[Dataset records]

-=-=-

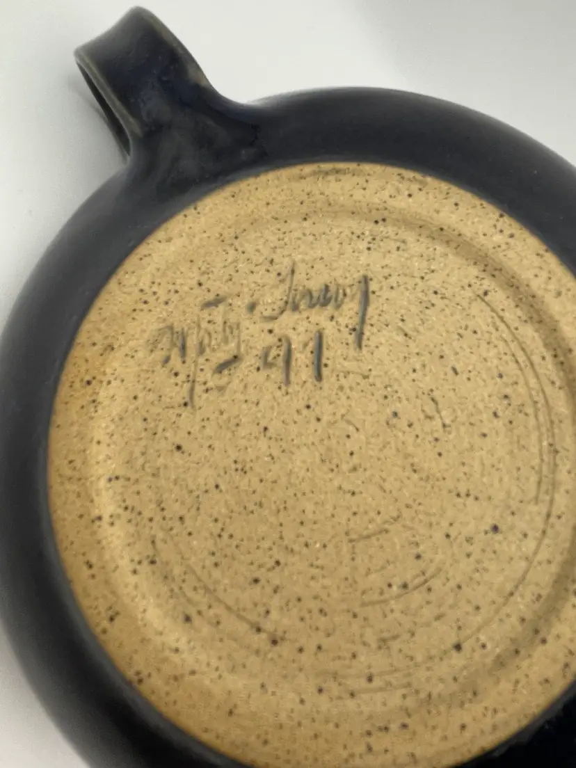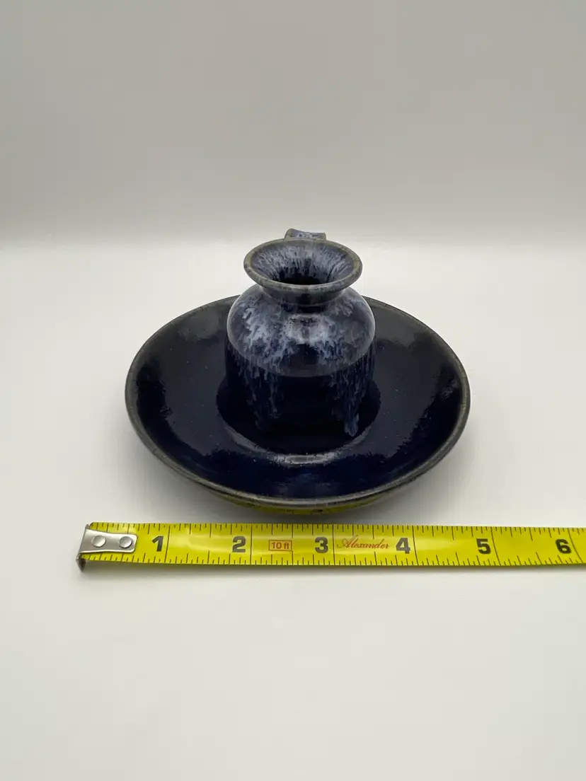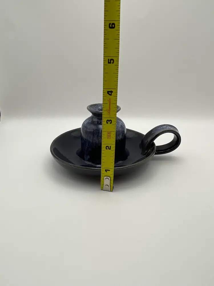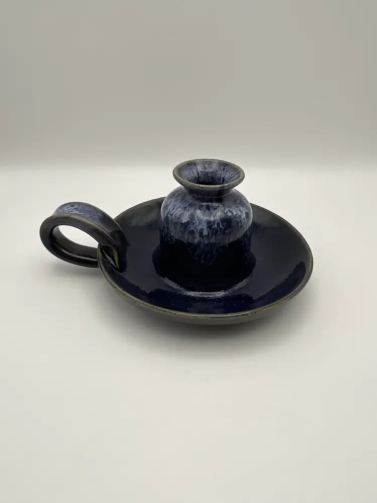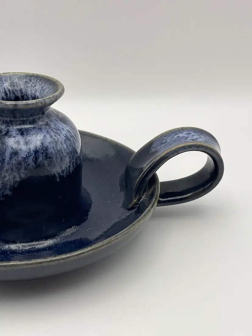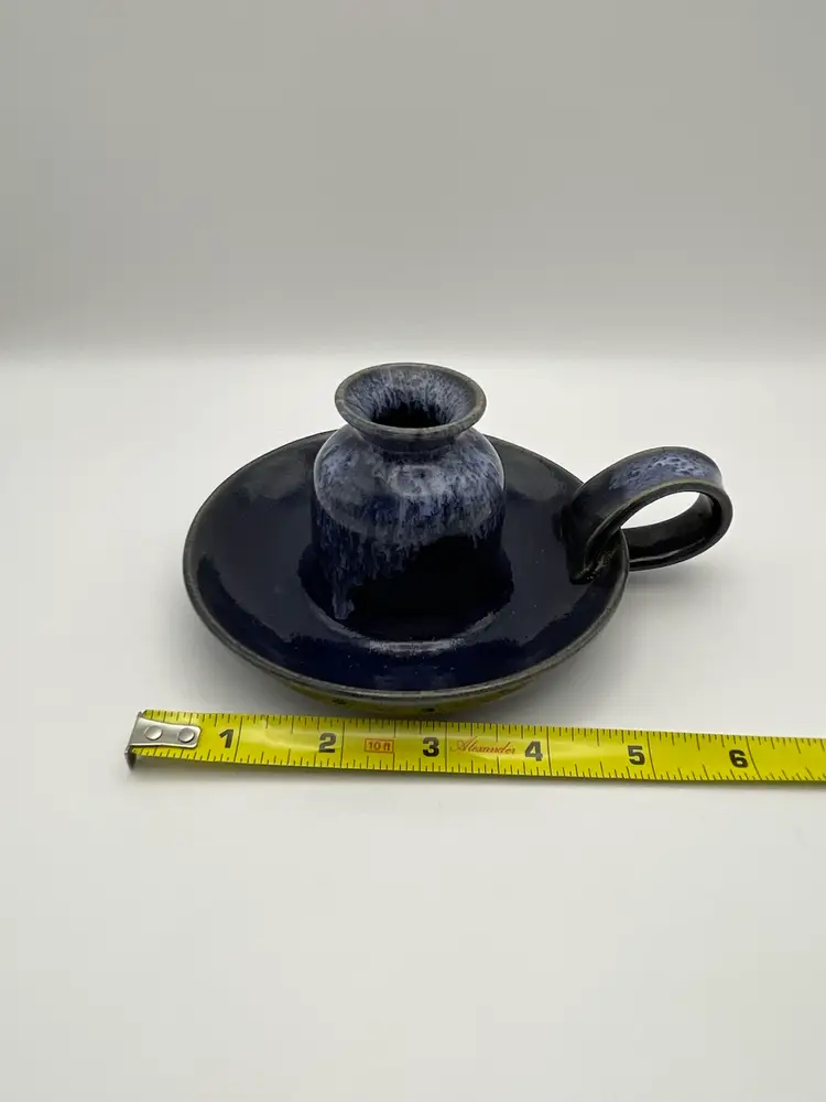 Handmade, Glazed Pottery, Candleholder with Handle Navy Blue/Lt. Blue Drip Glaze, Artist Signed on Bottom (Candle not included)
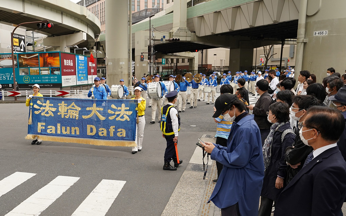 游行队伍从东池袋中央公园出发,经过东京的多个繁华街区以及华人聚居地,历时一个多小时。游行队伍由警车开路,随后是上百人的天国乐团先行,接着是手持各种真相横幅队伍缓缓前行,紧随其后的炼功队展示了优美舒缓的功法动作。还有学员沿途发放真相资料,征求停止迫害法轮功的签名。
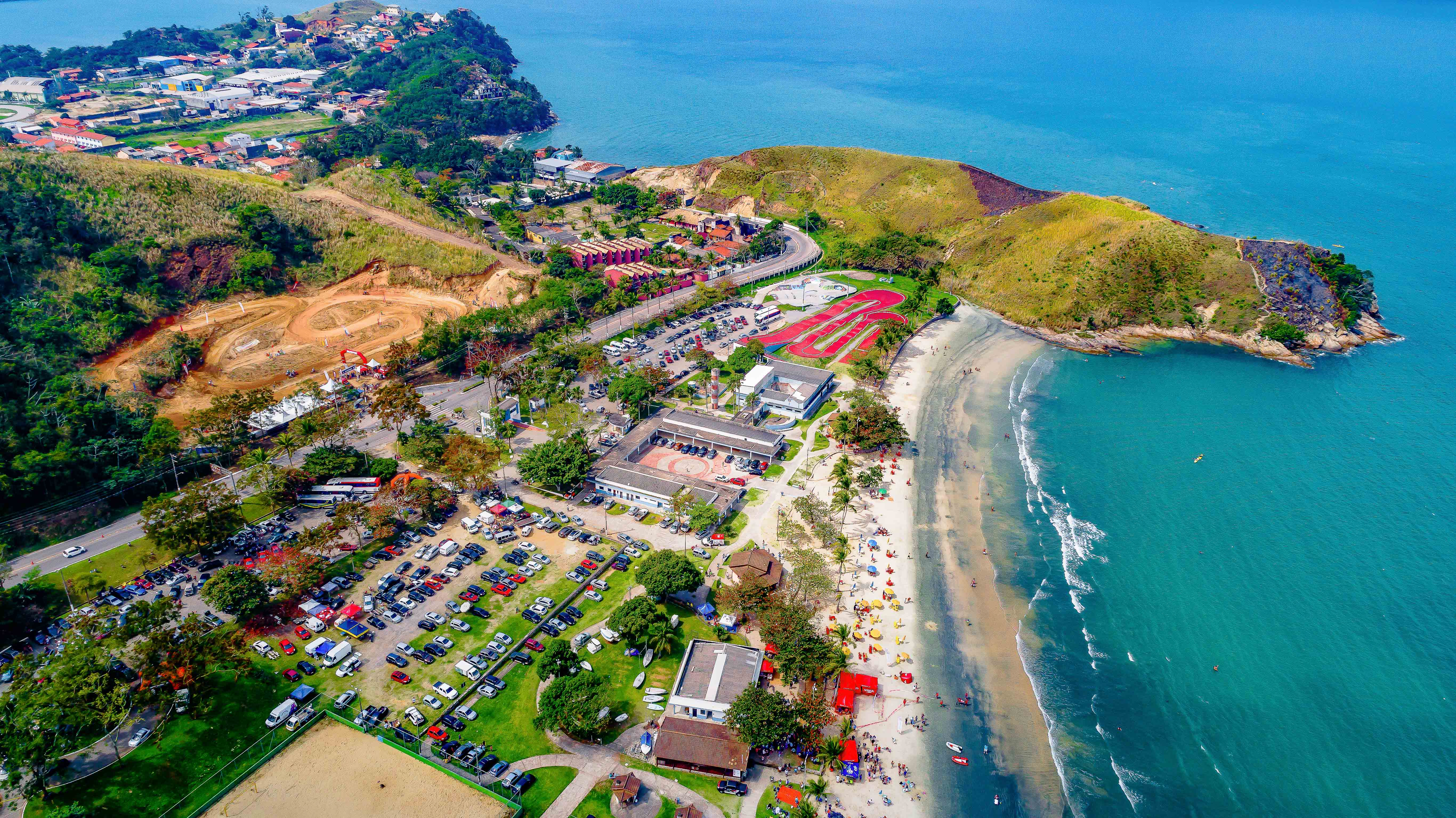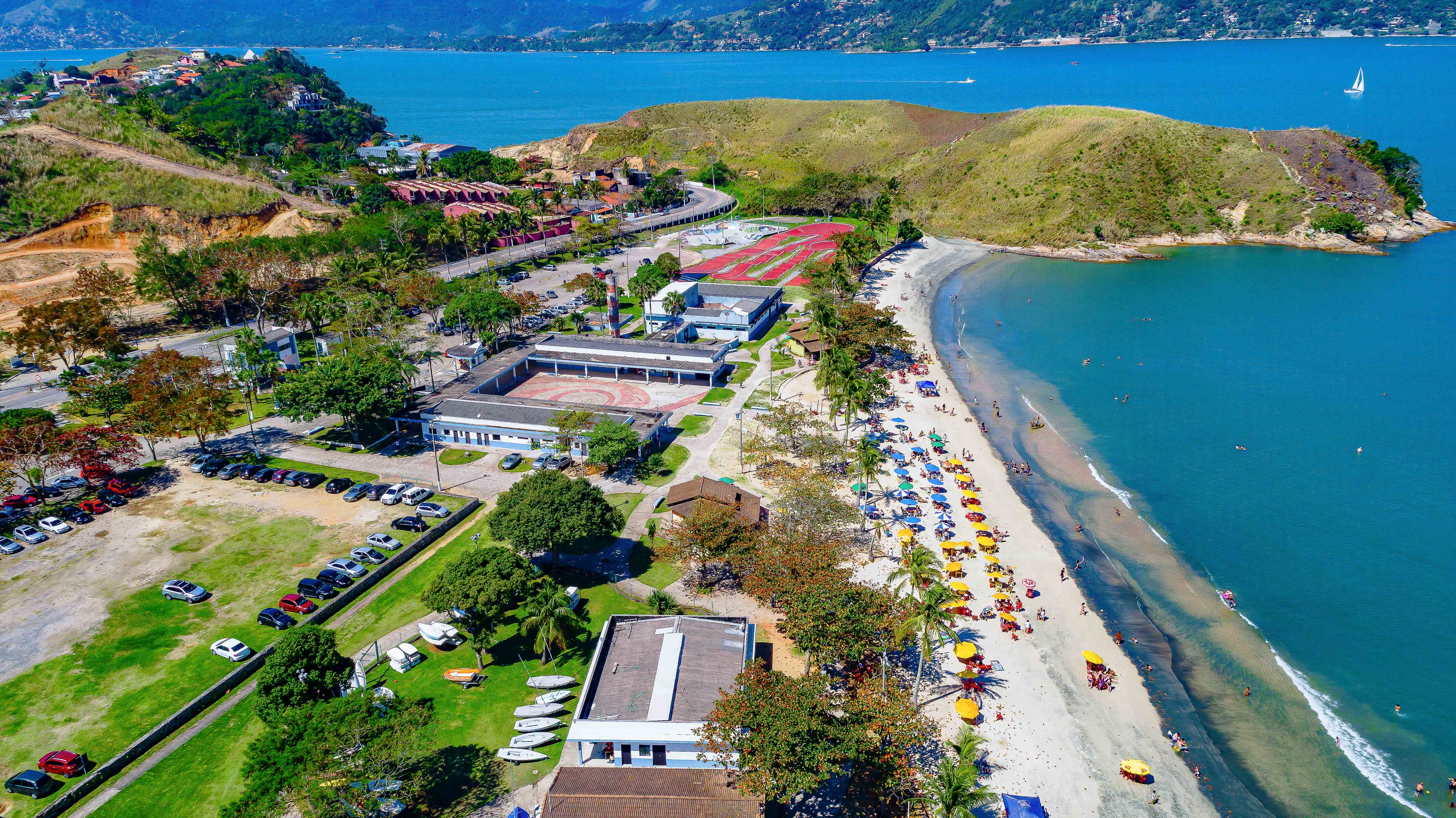 Área de lazer estruturada na Praia Grande, com mar raso e calmo, estacionamento controlado, quiosques, vestiários, quadras, pista de skate e museu marítimo, autorizada a receber excursões.
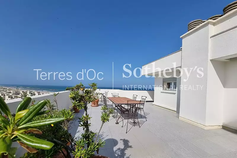 Magistrale terrasse de 110m² avec vue Canigou, étang et mer, pour ce beau duplex situé au dernier étage d'une résidence avec ascenseur et piscine.
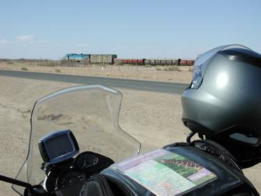 While I was taking in the scenery, I noticed a puff of smoke on the horizon south of me, and a short while later a train came rolling into view. The railway line was just across the road and parallel to my position. The driver hung out of the window and blew his whistle as he passed by… I waited another few minutes and then decided to try and catch him further up the highway… I kitted up quickly, having to pack away the remnants of my lunch…half a packet of ginger biscuits and the rest of my water!

-=-=-

PROBLEM REQUIREMENTS ▸ Leave out the pictures and output the rest of the records exactly.

EXERCISE RESPONSE ▸
 Handmade, Glazed Pottery, Candleholder with Handle Navy Blue/Lt. Blue Drip Glaze, Artist Signed on Bottom (Candle not included)
 游行队伍从东池袋中央公园出发,经过东京的多个繁华街区以及华人聚居地,历时一个多小时。游行队伍由警车开路,随后是上百人的天国乐团先行,接着是手持各种真相横幅队伍缓缓前行,紧随其后的炼功队展示了优美舒缓的功法动作。还有学员沿途发放真相资料,征求停止迫害法轮功的签名。
 Área de lazer estruturada na Praia Grande, com mar raso e calmo, estacionamento controlado, quiosques, vestiários, quadras, pista de skate e museu marítimo, autorizada a receber excursões.
 Magistrale terrasse de 110m² avec vue Canigou, étang et mer, pour ce beau duplex situé au dernier étage d'une résidence avec ascenseur et piscine.
 While I was taking in the scenery, I noticed a puff of smoke on the horizon south of me, and a short while later a train came rolling into view. The railway line was just across the road and parallel to my position. The driver hung out of the window and blew his whistle as he passed by… I waited another few minutes and then decided to try and catch him further up the highway… I kitted up quickly, having to pack away the remnants of my lunch…half a packet of ginger biscuits and the rest of my water!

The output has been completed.